Sementara itu, Kepala Biro Kesejahteraan Rakyat Sekretariat Daerah Provinsi Sumatera Barat, Bapak Al Amin, menjelaskan bahwa kegiatan tersebut disusun dalam rangkaian ibadah yang tertib dan khidmat. Rangkaian acara diawali dengan salat Magrib berjamaah, kemudian dilanjutkan dengan zikir dan doa bersama. Setelah itu, kegiatan ditutup dengan tabligh akbar yang menghadirkan penceramah nasional.
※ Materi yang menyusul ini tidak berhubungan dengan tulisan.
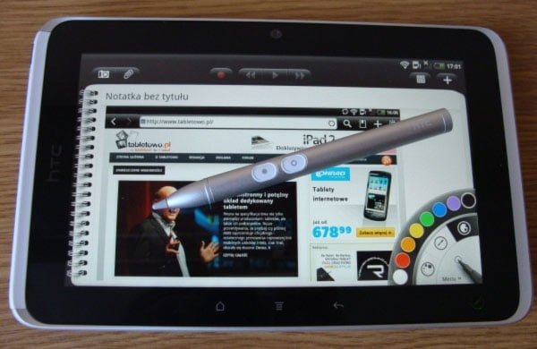 HTC Flyer, tablet, którego recenzja pojawiła się na łamach Tabletowo.pl kilka miesięcy temu, to urządzenie z najwyższej półki. Oferuje 7-calowy, pojemnościowy ekran dotykowy o rozdzielczości 1024 x 600 pikseli, jednordzeniowy procesor Qualcomm 1,5GHz, 1GB pamięci operacyjnej RAM, system operacyjny Google Android (z zapowiadaną możliwością aktualizacji do wersji 3.2) z interfejsem HTC Sense, czytnik kart pamięci microSD, aparat 5 Mpix, kamerę internetową 1.3 Mpix, Wi-Fi b/g/n, Bluetooth, GPS, port microUSB, akcelerometr oraz akumulator o pojemności 4000 mAh pozwalający na około 10 godzin pracy.

“Zikir dan doa akan dipimpin oleh Imam Besar Masjid Raya Syekh Ahmad Khatib Al-Minangkabawi, Ustaz Rahimul Amin, sementara tabligh akbar akan disampaikan oleh Dr. Sofyan Hadi,” jelas Bapak Al Amin. Ia menambahkan bahwa dalam suasana penuh kekhusyukan tersebut, jamaah diajak untuk merenungkan perjalanan satu tahun ke belakang. Kegiatan ini diharapkan dapat memberikan ketenangan batin bagi masyarakat.
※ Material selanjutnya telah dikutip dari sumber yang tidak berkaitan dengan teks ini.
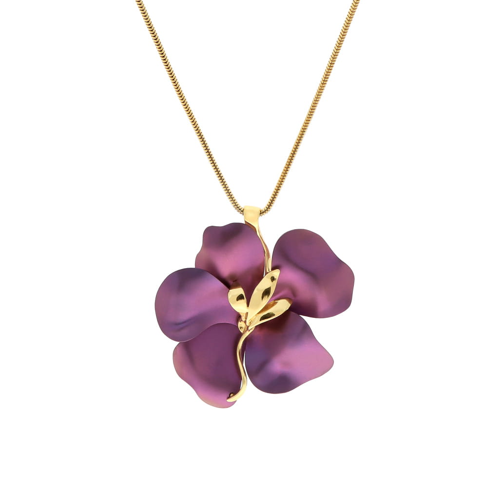 Komplet fioletowe kwiaty tytan srebro pozłacane

Bapak Al Amin juga menyampaikan bahwa pada sela-sela kegiatan akan disampaikan arahan dari Gubernur Sumatera Barat dan Kepala Kepolisian Daerah Sumatera Barat. Arahan tersebut dimaksudkan untuk memberikan pesan moral, keamanan, dan ketertiban kepada masyarakat dalam menyambut tahun baru. Ia pun mengajak seluruh masyarakat untuk hadir dan mengikuti kegiatan secara bersama-sama.
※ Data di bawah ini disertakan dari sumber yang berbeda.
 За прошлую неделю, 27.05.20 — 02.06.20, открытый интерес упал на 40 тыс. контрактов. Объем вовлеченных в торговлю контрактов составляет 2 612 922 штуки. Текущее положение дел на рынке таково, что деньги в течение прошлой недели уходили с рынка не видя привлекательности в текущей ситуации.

Bagi masyarakat yang tidak dapat hadir langsung di Masjid Raya, Bapak Al Amin menyebutkan bahwa kegiatan tersebut dapat disaksikan melalui siaran langsung. Pemprov Sumbar menyiapkan layanan live streaming melalui kanal YouTube Dinas Komunikasi, Informatika, dan Statistik Sumatera Barat. Dengan demikian, masyarakat di berbagai daerah tetap dapat mengikuti kegiatan tersebut.
Sebelumnya, Gubernur Sumatera Barat telah menerbitkan Surat Edaran Nomor 451/490/XII/Kesra-2025 tertanggal 23 Desember 2025. Surat edaran tersebut berisi larangan perayaan Tahun Baru yang bersifat hura-hura dan berlebihan. Kebijakan ini dikeluarkan sebagai bentuk empati kepada masyarakat yang masih terdampak bencana hidrometeorologi di sejumlah wilayah Sumatera Barat.
Dalam surat edaran tersebut, Bapak Mahyeldi Ansharullah menegaskan bahwa pengaturan ini merupakan wujud kepedulian dan tanggung jawab moral pemerintah kepada masyarakat. Ia menekankan bahwa kebijakan tersebut bukan untuk menghilangkan kebahagiaan masyarakat, melainkan mengarahkan perayaan pergantian tahun ke arah yang lebih sederhana, bermakna, dan bermanfaat. Melalui kegiatan zikir, doa, dan tabligh akbar ini, Pemprov Sumbar berharap pergantian tahun dapat dilalui dengan suasana religius, aman, dan penuh keberkahan.